### Supplied material ###

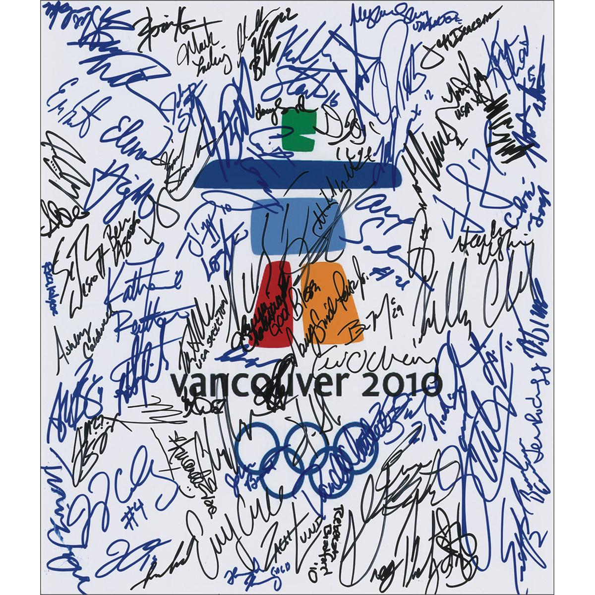 Color glossy 12 x 12 photo of the 2010 Winter Olympics logo, signed in blue and black felt tip by 61 members of the 2010 US Olympic team, as well as eight members of the Paralympic team. The signers include (by category): Alpine Skiing: Megan McJames, Coach Josh Applegate; Bobsled: Steven Holcomb, Curtis Tomasevicz, Nick Cunningham, John Napier, and Jamie Moriarty; Cross Country: Torin Koos, Andrew Newell, James Southam, Elizabeth Stephen; Curling: John Benton, Jeff Isaacson, and Chris Plys; Figure Skating: Meryl Davis, Mirai Nagasu, Tanith Belbin and Ben Agosto, Evan Bates and Emily Samuelson, Amanda Evora and Mark Ladwig, and Jeremy Barrett; Freestyle Skiing: Hannah Kearney, Emily Cook, Lacy Schnoor, and Ashley Caldwell; Women’s Ice Hockey: Kacey Bellamy, Julie Chu, Erika Lawler, Brianne McLaughlin, Angela Ruggiero, Molly Schaus, Kelli Stack, Karen Thatcher, Hilary Knight, Lisa Chesson, and Jinelle Zaugg; Luge: Dan Joye; Nordic Combined: Johnny Spillane. Short Track Speed Skating: Katherine Reutter, Travis Jayner, and Jordan Malone; Skeleton: Zach Lund and Katie Uhlaender; Snowboard: Seth Wescott, Louie Vito, Gregory Bretz, Lindsey Jacobellis, Kelly Clark, Elena Hight, and Faye Gulini; Speed Skating: Brian Hewson, Mithcell Whitmore, Lauren Cholewinski, Maria Lamb, Elli Ochowicz, Nancy Swider- Peltz Jr., Jen Rodriguez, Heather Richardson, and Rebekah Bradford. Paralympic atheletes: Brad Emmerson, Taylor Lipsett, Alexi Salamone, Jimmy Connelly, Bradley Washburn, Kelly Underkofler, and Ricci Kilgore. In very fine condition.
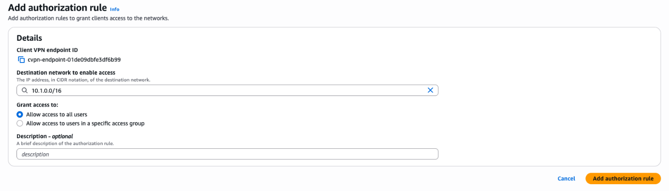 During the initial setup of the Client VPN endpoint, you defined authorization rules that authorized the VPN_users group to access the VPN-VPC network, which is 10.0.0.0/16.Complete the following steps to add connectivity to database-VPC:
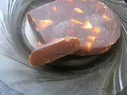 Les anciens grecs confisaient leurs pomme au miel[167]. Le melimelum est une pomme confite dans du miel qui faisait jadis partie de la pharmacopée[168].«Le melimelum, on en servait sur leurs tables, et les Apothicaires en employaient pour leurs sirops et autres compositions médicinales comme nous employons le sucre: ils en composaient diverses sortes de boissons, comme de l'hydromel qu'ils appelaient aussi Aqua mulsa, Melicratum, Apomeli» écrit Nicolas Lemery (1733)[169]. L'expression pomme confite désigne à la fois des pommes cuites et des pommes crues: «pomme confite dans le sucre, je note que j'ai gouté hier chez les pères jésuites des pommes conservées dans la marc de vin» (Paul Louis Martin, les Fruits du Québec)[170]. La pomme confite n'est pas une candy apple ou toffee apple, qui sont des pommes d'amour, pomme crue nappée de sucre cuit dont la version chinoise se fait de divers fruits de Crataegus épépinés (Cenelles, azéroles...), tanghulu (chinois simplifié: 糖葫芦; chinois traditionnel: 糖葫蘆; pinyin: táng húlu).

###

Task brief
Could you reproduce all of the data above exactly and skip any image?

Your response
 Color glossy 12 x 12 photo of the 2010 Winter Olympics logo, signed in blue and black felt tip by 61 members of the 2010 US Olympic team, as well as eight members of the Paralympic team. The signers include (by category): Alpine Skiing: Megan McJames, Coach Josh Applegate; Bobsled: Steven Holcomb, Curtis Tomasevicz, Nick Cunningham, John Napier, and Jamie Moriarty; Cross Country: Torin Koos, Andrew Newell, James Southam, Elizabeth Stephen; Curling: John Benton, Jeff Isaacson, and Chris Plys; Figure Skating: Meryl Davis, Mirai Nagasu, Tanith Belbin and Ben Agosto, Evan Bates and Emily Samuelson, Amanda Evora and Mark Ladwig, and Jeremy Barrett; Freestyle Skiing: Hannah Kearney, Emily Cook, Lacy Schnoor, and Ashley Caldwell; Women’s Ice Hockey: Kacey Bellamy, Julie Chu, Erika Lawler, Brianne McLaughlin, Angela Ruggiero, Molly Schaus, Kelli Stack, Karen Thatcher, Hilary Knight, Lisa Chesson, and Jinelle Zaugg; Luge: Dan Joye; Nordic Combined: Johnny Spillane. Short Track Speed Skating: Katherine Reutter, Travis Jayner, and Jordan Malone; Skeleton: Zach Lund and Katie Uhlaender; Snowboard: Seth Wescott, Louie Vito, Gregory Bretz, Lindsey Jacobellis, Kelly Clark, Elena Hight, and Faye Gulini; Speed Skating: Brian Hewson, Mithcell Whitmore, Lauren Cholewinski, Maria Lamb, Elli Ochowicz, Nancy Swider- Peltz Jr., Jen Rodriguez, Heather Richardson, and Rebekah Bradford. Paralympic atheletes: Brad Emmerson, Taylor Lipsett, Alexi Salamone, Jimmy Connelly, Bradley Washburn, Kelly Underkofler, and Ricci Kilgore. In very fine condition.
 During the initial setup of the Client VPN endpoint, you defined authorization rules that authorized the VPN_users group to access the VPN-VPC network, which is 10.0.0.0/16.Complete the following steps to add connectivity to database-VPC:
 Les anciens grecs confisaient leurs pomme au miel[167]. Le melimelum est une pomme confite dans du miel qui faisait jadis partie de la pharmacopée[168].«Le melimelum, on en servait sur leurs tables, et les Apothicaires en employaient pour leurs sirops et autres compositions médicinales comme nous employons le sucre: ils en composaient diverses sortes de boissons, comme de l'hydromel qu'ils appelaient aussi Aqua mulsa, Melicratum, Apomeli» écrit Nicolas Lemery (1733)[169]. L'expression pomme confite désigne à la fois des pommes cuites et des pommes crues: «pomme confite dans le sucre, je note que j'ai gouté hier chez les pères jésuites des pommes conservées dans la marc de vin» (Paul Louis Martin, les Fruits du Québec)[170]. La pomme confite n'est pas une candy apple ou toffee apple, qui sont des pommes d'amour, pomme crue nappée de sucre cuit dont la version chinoise se fait de divers fruits de Crataegus épépinés (Cenelles, azéroles...), tanghulu (chinois simplifié: 糖葫芦; chinois traditionnel: 糖葫蘆; pinyin: táng húlu).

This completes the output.